Improving Hospital Care

Massachusetts General Hospital is a pioneer in implementing deep learning artificial intelligence. It announced in April that it would be using a deep learning supercomputer to help improve everything from detection and diagnosis to treatment and disease management. The award-winning hospital will train a deep neural network on its repository of phenotypic, genetic and imaging data.

Its system is currently housing close to 10 billion medical images which, through the use of AI, can now be used to compare a patient’s symptoms, tests and other data across populations of other patients to yield insights. The program is starting in radiology and pathology and will eventually expand into genomics and EHRs.

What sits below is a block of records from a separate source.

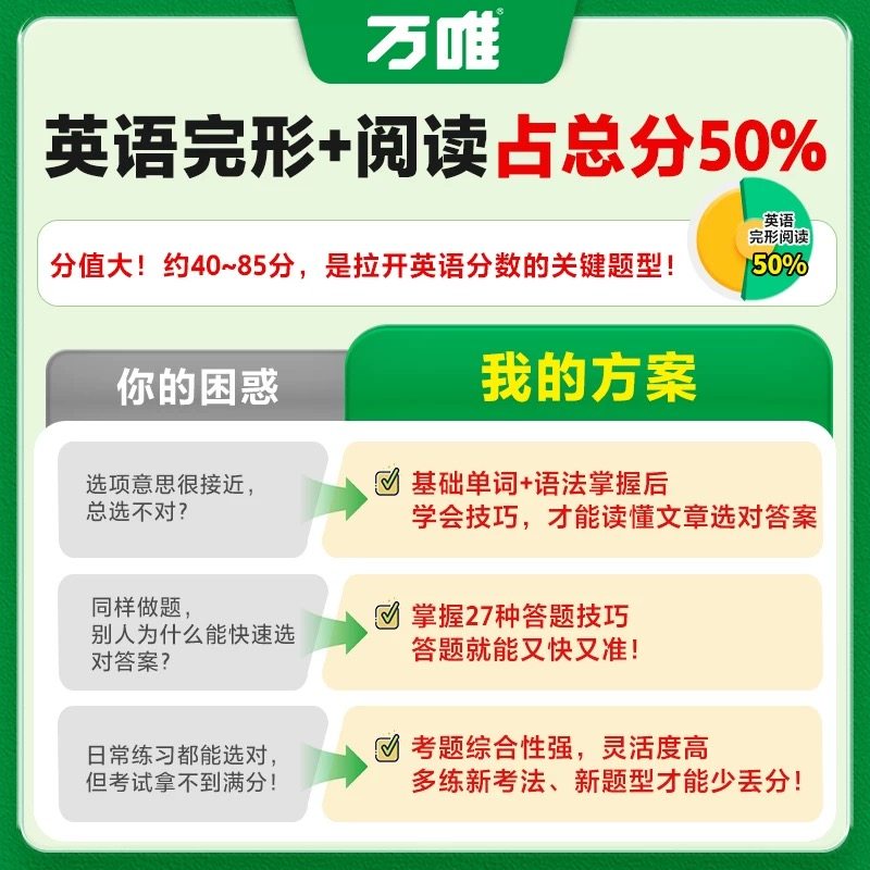 《2026万唯中考英语完形填空与阅读理解基础题提升版(全国版)》专为七年级至九年级学生设计,涵盖初一上下册内容,系统强化完形填空与阅读理解两大核心题型。本书紧扣新课标及中考考纲,精选典型基础题与进阶训练,题型全面、难度分层,帮助学生夯实语言基础,提升解题能力。搭配万唯专业教研团队研发的解题策略与技巧点拨,引导学生掌握阅读方法与答题逻辑。全国通用版本,适配各地教材,是初中生夯实英语基础、备战中考的高效专项训练用书。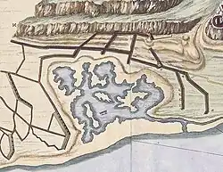 In the 1760s, a line of spiked chevaux de frise was constructed across the top and bottom ends of the Inundation. Ditches twelve feet wide and three feet deep were dug across the Inundation on both sides of the chevaux de frise so that if the lake ever dried out it would still serve as a barrier. Another barrier was constructed at the south end of the Inundation, and stakes were driven into the bed of the lake to serve as underwater obstacles.[1] An unnamed correspondent for the London Chronicle wrote on 19 April 1762: "thro' the middle [of the Inundation] we have run chevaux de frize, lined with plates of iron, and studded with iron spikes, one row pointing towards Spain, and the other towards the garrison, to prevent desertion. They are five feet high, sunk in the mud, and the spikes above the water; by clasping your hands together, your fingers extended and the backs up, you will have an exact idea of them. Through this inundation an enemy must march to come near us, for the causeway is narrow, and when the tide is at lowest ebb, thirty men could not march a-breast upon the beach and causeway; upon which point we can bring above 300 cannon and mortars to bear, besides wall-pieces and small arms."[8] Iron hoops and "many other articles to entangle and obstruct an enemy" were also scattered across the bottom of the Inundation.[7]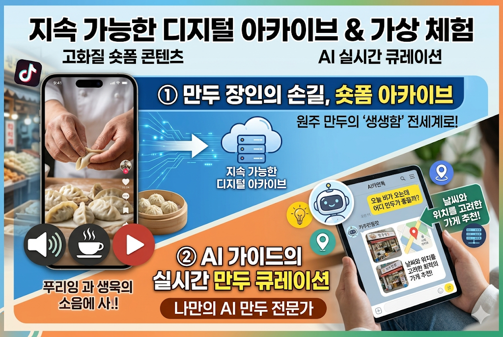 만두 골목을 중심으로 강원감영, 미로예술시장, 원주천 산책로를 잇는 반일/당일 투어 코스를 제안합니다. 단순히 만두만 먹고 떠나는 것이 아니라 주변 자원을 함께 소비하게 만드는 설계입니다. 블로그와 SNS에 이러한 코스 정보가 공유될 때, 검색 엔진은 원주를 체계적인 관광 시스템을 갖춘 지역으로 인식하여 '원주 가볼 만한 곳' 키워드 순위를 상위로 끌어올립니다.📱 6. 지속 가능한 디지털 아카이브와 가상 체험 💻

Results in the Pediatric ICU

The power of big data is also being harnessed to improve care in pediatric ICUs. Children in this department face particularly complex and challenging conditions including post-surgical care issues, sepsis, respiratory illnesses and trauma. At Children’s Hospital Los Angeles, data scientist David Ledbetter and his research team are using big data and 10 years’ worth of health records to better determine drug treatments for children. The end goal of the work, which is funded by the Laura P. and Leland K. Whittier Virtual Pediatric Intensive Care Unit, is the improvement of patient outcomes for some of the most vulnerable hospital visitors.

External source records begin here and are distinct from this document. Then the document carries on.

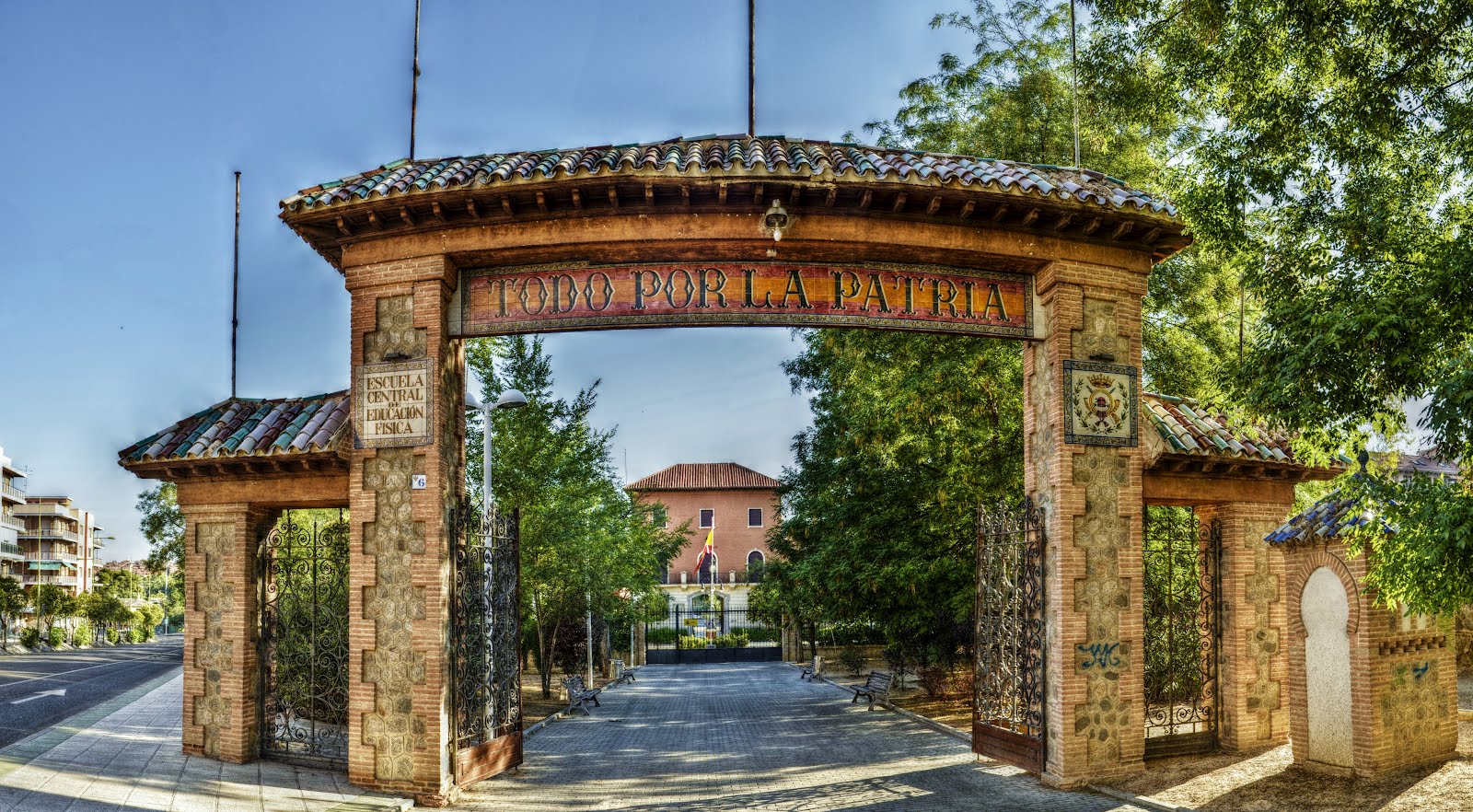 La Escuela Central de Educación Física se encontraba divida por la calle General Villalba. si a un lado de la calle se encontraba la zona de deportes, al otro se encontraba la zona administrativa y de residencia de los soldados
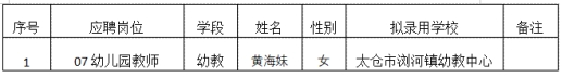 2022年蘇州太倉市公開招聘備案制幼兒園教師擬錄用人員名單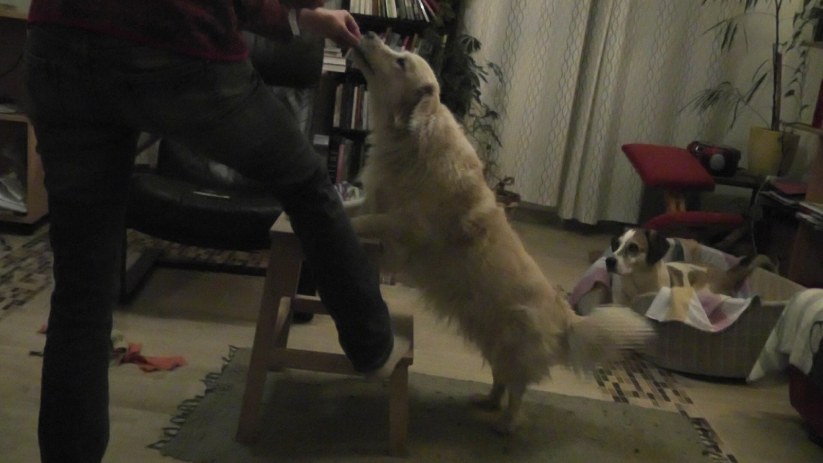 Nemo bekommt seinen Keks, Baghira ist noch mit Kauen beschäftigt:

The deep learning models here were trained using nearly 13,000 “patient snapshots” created by Ledbetter’s team. The models were then used to predict probability of survival and in turn, physiology, through time. This gave the team a better understanding of the relationships between patient vitals and efforts made by ICU doctors and nurses, allowing clinicians to optimize their efforts and patient outcomes.

Tackling Alzheimer’s Disease

Alzheimer’s has proven to be one of the greatest challenges modern medicine faces, but there’s a chance this more sophisticated form of artificial intelligence might yield some answers.

The roots of deep machine learning have been around since the 1950s, but recently a team of collaborators from Harvard University, Massachusetts General Hospital and China’s Huazhong University of Science and Technology designed a program that helps detect the progression from mild cognitive impairment (MCI) to Alzheimer’s disease by combining fMRI brain scans and clinical data. The unpublished results were presented in May at the IEEE International Conference on Communications in Kuala Lumpur, Malaysia.

According to the researchers, traditional machine learning already had its shot at the problem, but was unsuccessful. Quanzheng Li, principal investigator from Massachusetts General Hospital’s Center for Clinical Data Science, commented on the difficulty of the challenge. “We try to find the disease at its very early stage. A lot of people try to use traditional machine learning to do this, but the result is not that great because it’s a very difficult problem to solve.”

While other researchers have challenged the outcome, the final results were almost accurate enough to be used in a clinical setting (that target falls at around 90 percent). Current methods of prediction fall at around 65 percent.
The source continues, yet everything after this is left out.